Currently, you can choose the following Tabs or Sections:

  • data_drift to estimate the data drift,
  • num_target_drift to estimate target drift for numerical target,
  • cat_target_drift to estimate target drift for categorical target,
  • classification_performance to explore the performance of a classification model,
  • prob_classification_performance to explore the performance of a probabilistic classification model,
  • regression_performance to explore the performance of a regression model.

To configure a report or a profile you need to create the config.json file. This file configures the way of reading your input data and the type of the report.

Here is an example of a simple configuration for a report, where we have comma separated csv files with headers and there is no date column in the data.

Dashboard:

{
  "data_format": {
    "separator": ",",
    "header": true,
    "date_column": null
  },
  "column_mapping" : {},
  "dashboard_tabs": ["cat_target_drift"]
}

Profile:

{
  "data_format": {
    "separator": ",",
    "header": true,
    "date_column": null
  },
  "column_mapping" : {},
  "profile_sections": ["data_drift"],
  "pretty_print": true
}

Here is an example of a more complicated configuration, where we have comma separated csv files with headers and datetime column. We also specified the column_mapping dictionary to add information about datetime, target and numerical_features.

Dashboard:

{
  "data_format": {
    "separator": ",",
    "header": true,
    "date_column": "datetime"
  },
  "column_mapping" : {
    "datetime":"datetime",
    "target":"target",
    "numerical_features": ["mean radius", "mean texture", "mean perimeter", 
      "mean area", "mean smoothness", "mean compactness", "mean concavity", 
      "mean concave points", "mean symmetry"]},
  "dashboard_tabs": ["cat_target_drift"],
  "sampling": {
      "reference": {
      "type": "none"
    },
      "current": {
      "type": "nth",
      "n": 2
    }
  }
}

Profile:

{
  "data_format": {
    "separator": ",",
    "header": true,
    "date_column": null
  },
  "column_mapping" : {
    "target":"target",
    "numerical_features": ["mean radius", "mean texture", "mean perimeter", 
      "mean area", "mean smoothness", "mean compactness", "mean concavity", 
      "mean concave points", "mean symmetry"]},
  "profile_sections": ["data_drift", "cat_target_drift"],
  "pretty_print": true,
  "sampling": {
    "reference": {
      "type": "none"
    },
    "current": {
      "type": "random",
      "ratio": 0.8
    }
  }
}

Telemetry

When you use Evidently in the command-line interface, we collect basic telemetry (starting from 0.1.21.dev0 version).
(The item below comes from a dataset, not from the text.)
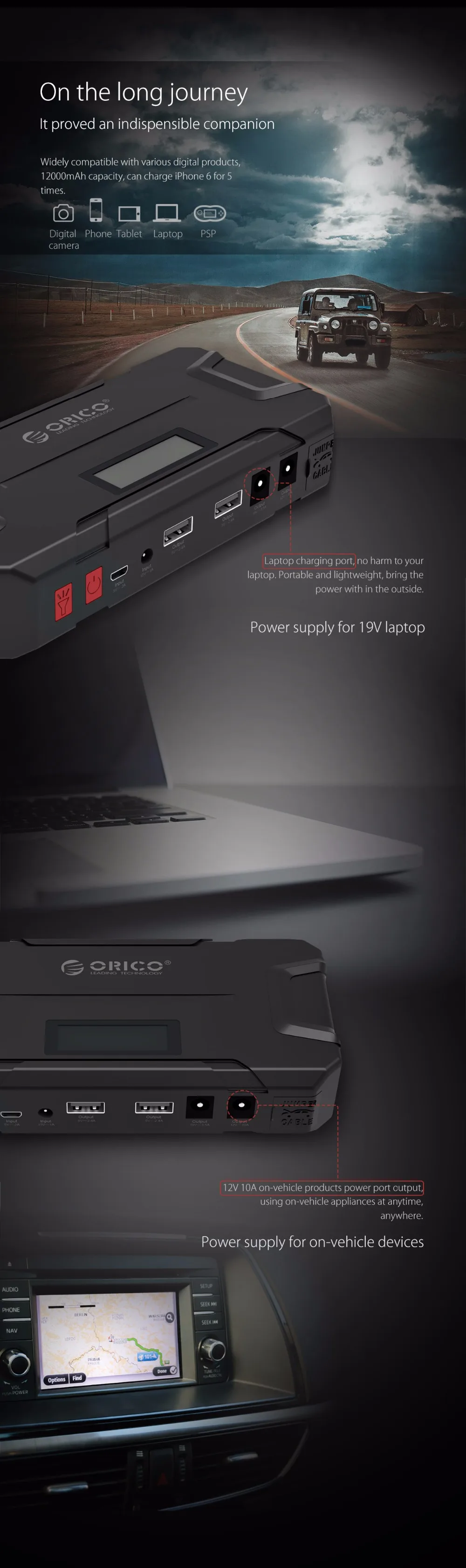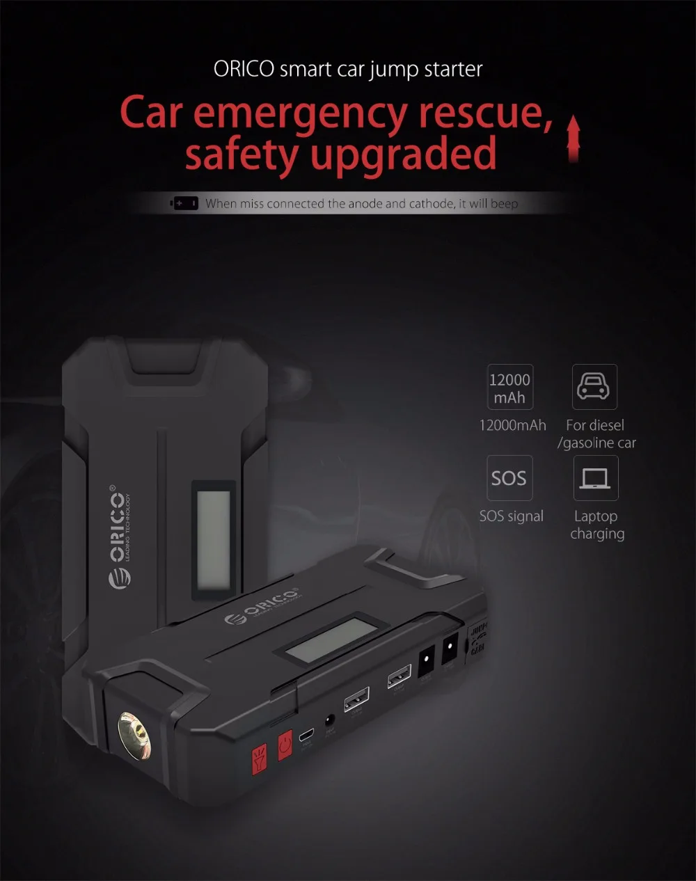 ORICO CS2 12000mAh Mini Emergency Power Bank Portable Mobile Battery Emergency Booster Buster Power Bank For Phone Laptop Car

It includes data on the environment (e.g. Python version) and usage (type of report or profile generated). You can read more about what we collect here.
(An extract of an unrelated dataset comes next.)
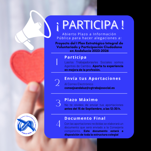 Resolución de 25 de julio de 2023, de la Secretaría General Técnica de la Consejería de Inclusión Social, Juventud, Familias e Igualdad, por la que se acuerda someter a INFORMACIÓN PÚBLICA el «Proyecto del I Plan Estratégico Integral de Voluntariado y Participación Ciudadana en Andalucía 2023-2026».

You can opt-out from telemetry collection by setting the environment variable EVIDENTLY_DISABLE_TELEMETRY=1

Large datasets

As you can see from the above example, you can specify sampling parameters for large files. You can use different sampling strategies for reference and current data, or apply sampling only to one of the files. Currently we have 3 sampling types available:

  • none - there will be no sampling for the file,
  • nth - each Nth row of the file will be taken. This option works together with n parameter (see the example with the Dashboard above)
  • random - random sampling will be applied. This option works together with ratio parameter (see the example with the Profile above)

Documentation

For more information, refer to a complete Documentation.

Examples

  • See Data Drift Dashboard and Profile generation to explore the results both inside a Jupyter notebook and as a separate .html file: Iris, Boston

  • See Numerical Target and Data Drift Dashboard and Profile generation to explore the results both inside a Jupyter notebook and as a separate file: Iris, Breast Cancer

  • See Categorical Target and Data Drift Dashboard and Profile generation to explore the results both inside a Jupyter notebook and as a separate file: Boston

  • See Regression Performance Dashboard and Profile generation to explore the results both inside a Jupyter notebook and as a separate file: Bike Sharing Demand

  • See Classification Performance Dashboard and Profile generation to explore the results both inside a Jupyter notebook and as a separate file: Iris

  • See Probabilistic Classification Performance Dashboard and Profile generation to explore the results both inside a Jupyter notebook and as a separate .html file: Iris, Breast Cancer

Stay updated

We will be releasing more reports soon. If you want to receive updates, follow us on Twitter, or sign up for our newsletter. You can also find more tutorials and explanations in our Blog. If you want to chat and connect, join our Discord community!

Issues
  • Integrating in Prediction pipeline

    Integrating in Prediction pipeline

    This package really helps the Data Science Team to find out the data drift . Please let me know is there any way we can integrate into prediction pipeline to generate the metrics. Is there any way we can generate the json file with this metrics ?

    enhancement 
    opened by rambabusure 9
  • Tests for `CatTargetDriftAnalyzer`, `chi_stat_test` and code simplifications

    Tests for `CatTargetDriftAnalyzer`, `chi_stat_test` and code simplifications

    • [x] Add tests for CatTargetDriftAnalyzer
    • [x] Refactor
    • [x] Ask a bunch of questions :-)
      • [x] What about target_type ?
      • [x] Tests with options

    closes #96

    opened by burkovae 8
  • data missing in the report

    data missing in the report

    Hi

    I was trying to generate a classification dashboard. The "reference" dataframe has 128770 rows, however, the dashboard only shows that it has 122 rows (number of objects). And for "current" dataframe, it has 632337 rows, but the dashboard only shows it has 1079 rows. I am not sure what went wrong.

    Yang

    opened by superyang713 7
  • AttributeError when trying to save report

    AttributeError when trying to save report

    When saving a report using

    data_drift_report.save("/dbfs/FileStore/drift/drift_report.html")

    I get

    AttributeError: 'DataDriftTableWidget' object has no attribute 'wi'

    caused by

    /databricks/python/lib/python3.8/site-packages/evidently/widgets/data_drift_table_widget.py in get_info(self) 25 26 def get_info(self) -> BaseWidgetInfo: ---> 27 if self.wi: 28 return self.wi 29 raise ValueError("no widget info provided")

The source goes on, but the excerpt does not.